For a lot of businesses with loyalty programs, it is essentially a race to the bottom against their competitors; Who can afford to give away the most (be it points, dollars, or freebies of some other description) in return for getting the least money in the door.

This ultimately is a game that no one really wins, and ultimately doesn’t really achieve much. If your nearest competitor is fundamentally doing the same thing as you in terms of rewards given for dollars spent, there your customers still have no compelling reason to come into your business versus your competitors.

So, what then is the point of a loyalty program.
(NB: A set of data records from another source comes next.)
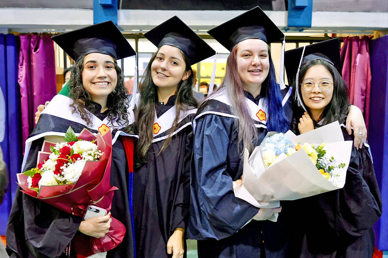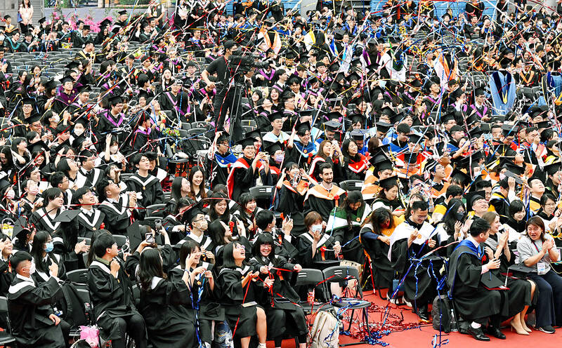 National Chengchi University held two ceremonies, with alumnus Patrick Pan (潘先國), who is head of Taiwan and Hong Kong operations at Facebook owner Meta, speaking at the morning ceremony, while Pegatron chairman Tung Tzu-hsien (童子賢) addressed the afternoon session.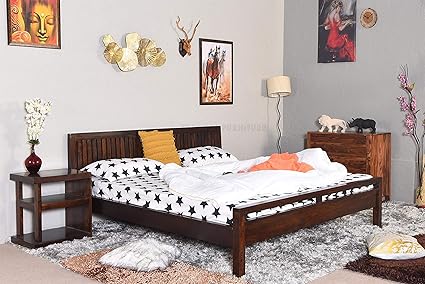 Ebansal Wooden Queen Size Bed Without Storage Solid Wood Bed For Bedroom Furniture Sheesham Wood Choclate Brown Amazon In Furniture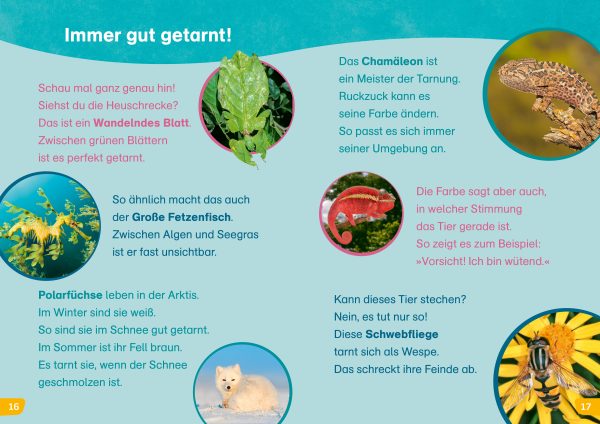 Baumeister, Verwandlungskünstler oder Superhirne: Die Tierwelt ist voll mit und cleveren Tieren. Da gibt es Oktopusse, die Schraubgläser öffnen können, Elefanten, die ihre Artgenossen nach Jahren am Geruch wiedererkennen oder Heuschrecken, die kaum von Blättern zu unterscheiden sind. Die genialen Tricks und Kniffe zahlreicher Tiere lernen Leseanfängerinnen und Leseanfänger in diesem Buch kennen. Die extragroße Schrift, ein leichter Satzbau und viele bunte Bilder und Illustrationen sorgen für viel Spaß beim Lesen üben. Am Ende jedes Kapitels wartet ein Lesequiz auf die Kinder. Ein spannendes Sachbuch für die Lesestufe 1. Geeignet für Grundschulkinder ab der 1. Klasse.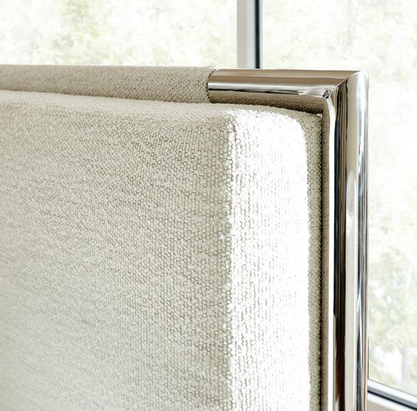 Polished Stainless Steel frame with upholstered headboard panel with center seam and two fabric sleeves that wrap over the top metal rail. Upholstered side rails. Upholstered footboard panel with stainless steel posts. Five wood slats with adjustable double support. Headboard cannot be used alone. Must be ordered with footboard/side rails.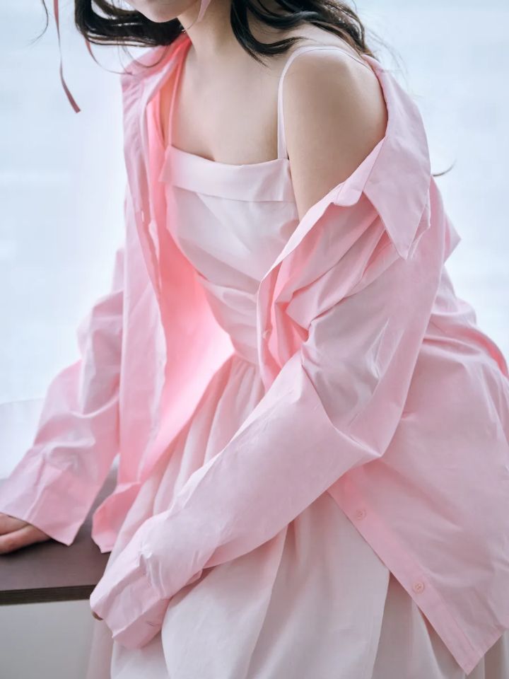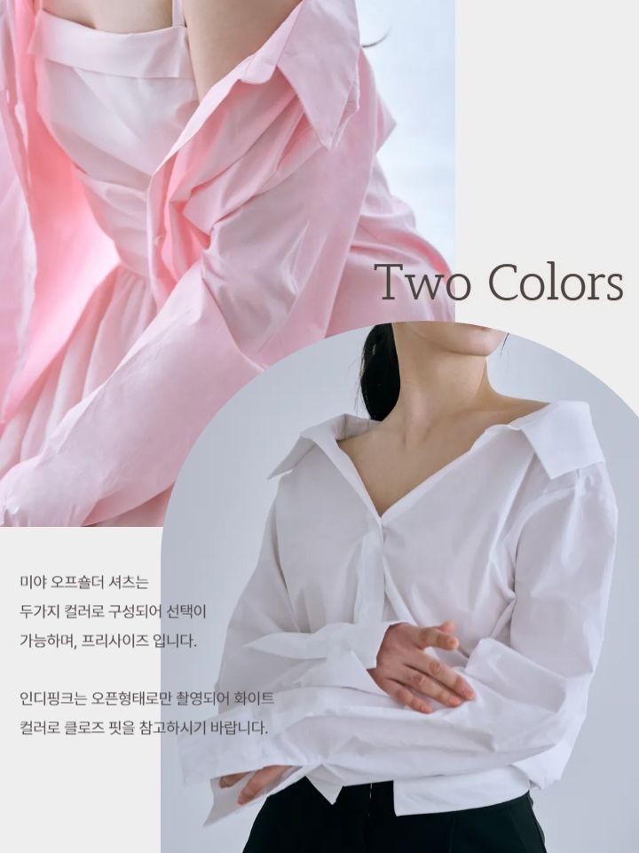 미야 오프숄더 셔츠. 화이트와 인디핑크 두 가지 컬러로 다양한 무드를 연출할 수 있으며,

The point is to better understand your customer and use that to inform better decisions at macro (business wide), mid (business unit) and micro (individual customer) levels.
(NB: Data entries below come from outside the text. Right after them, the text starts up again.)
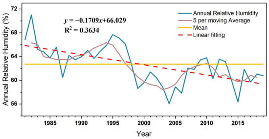 Annual relative humidity trend. Source: computed from wind records across hydrological stations in the area, 2022.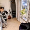 Wenn Sie durch die große, 2 türige Glastüre gehen, stehen Sie im Eingangsbereich dieser mit liebe gebauter Suite. Rechts, wenn Sie durch die Türe gehen ist ein Ankleidezimmer mit Spiegel und Schrank. Dort können Sie Ihre Kleider ablegen, oder sich für ein gemütliches Abendessen im Fischerdorf zurecht machen. Der Essbereich ist ausgestattet mit einem runden Holztisch und bequemen Stühlen.
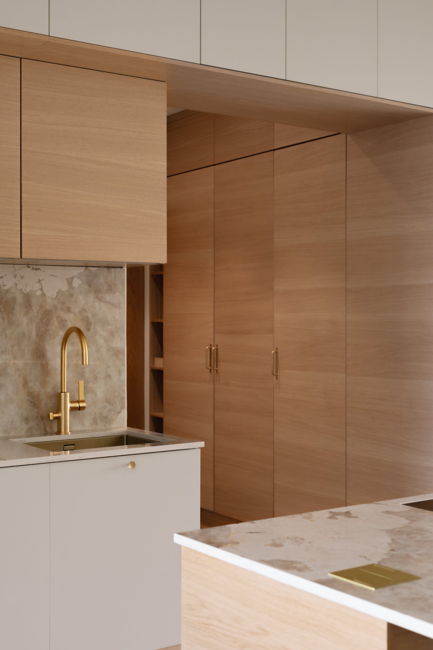 Ratkaisu löytyi huolellisesta suunnittelusta ja tilan käytön optimoinnista. Remontissa purettiin lähes kaikki kevyet väliseinät ja keittiö siirrettiin keskelle asuntoa entiseen aulaan. Näin vapautui tilaa arjen tärkeimmille toiminnoille; eteiselle, kylpyhuoneelle sekä lasten huoneelle ja samalla saatiin tilava ja toimiva keittiö.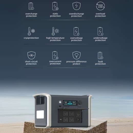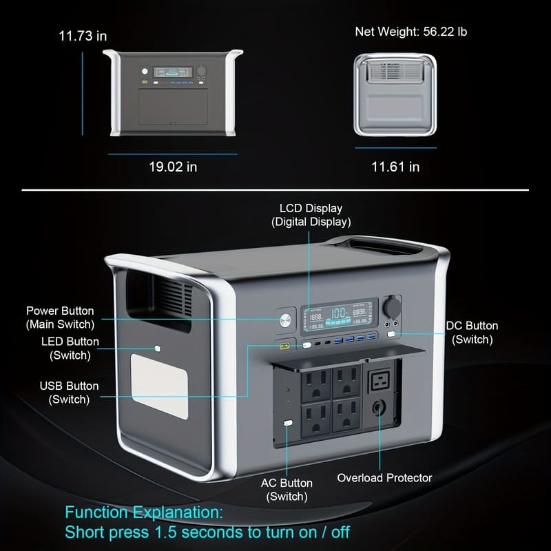 High-capacity 2400W portable power station with a durable 2048Wh LiFePO4 battery, fast charging, AC outlets, and solar compatibility—ideal for camping, RVs, and emergency home backup.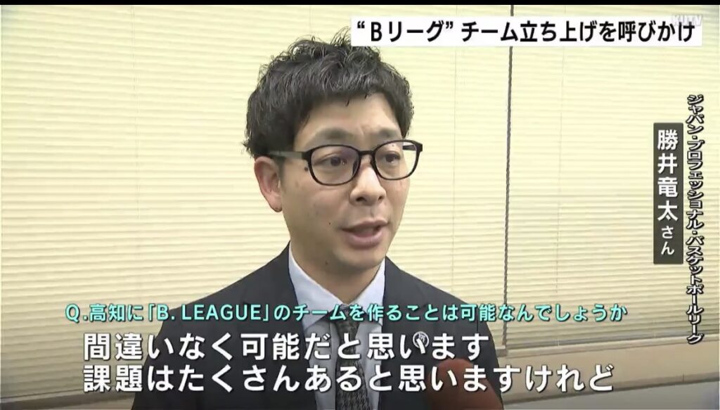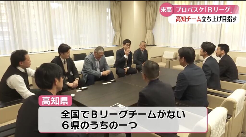 B.LEAGUEから、堀井B3理事長、勝井執行役員、小林様(高知県担当)にご来高いただき、高知でのB.LEAGUEチーム設立に向けた機運醸成に向けた勉強会が開催され、私も参加させていただきました。

Use it to understand the cyclical nature of the way a customer purchases a product or type of product (which leads into a separate conversation on content tagging/categorisation), and in turn use that to either remind them to purchase, or maybe even up sell to the next model when they are getting close to their purchase cycle. That is being both personal and relevant!

If you’ve got a sector of customers who all purchase from areas A of your business, half of whom purchase from area B and half don’t then find out why. Maybe a targeted survey, or a special promotional offer from area B may pique their interest. In this situation, the survey should be designed as much to educate the customers that area B exists, is it is for you to learn why they aren’t purchasing.

Ultimately, a loyalty program should enable you to learn more about your customers, and in a highly relevant, multi-channel, and personal way monetise that knowledge. There are a number of ways of doing this ranging from the obvious (loyalty cards swiped at purchase) to the less obvious (secure credit card matching, email address matching etc). All the options have advantages and disadvantages.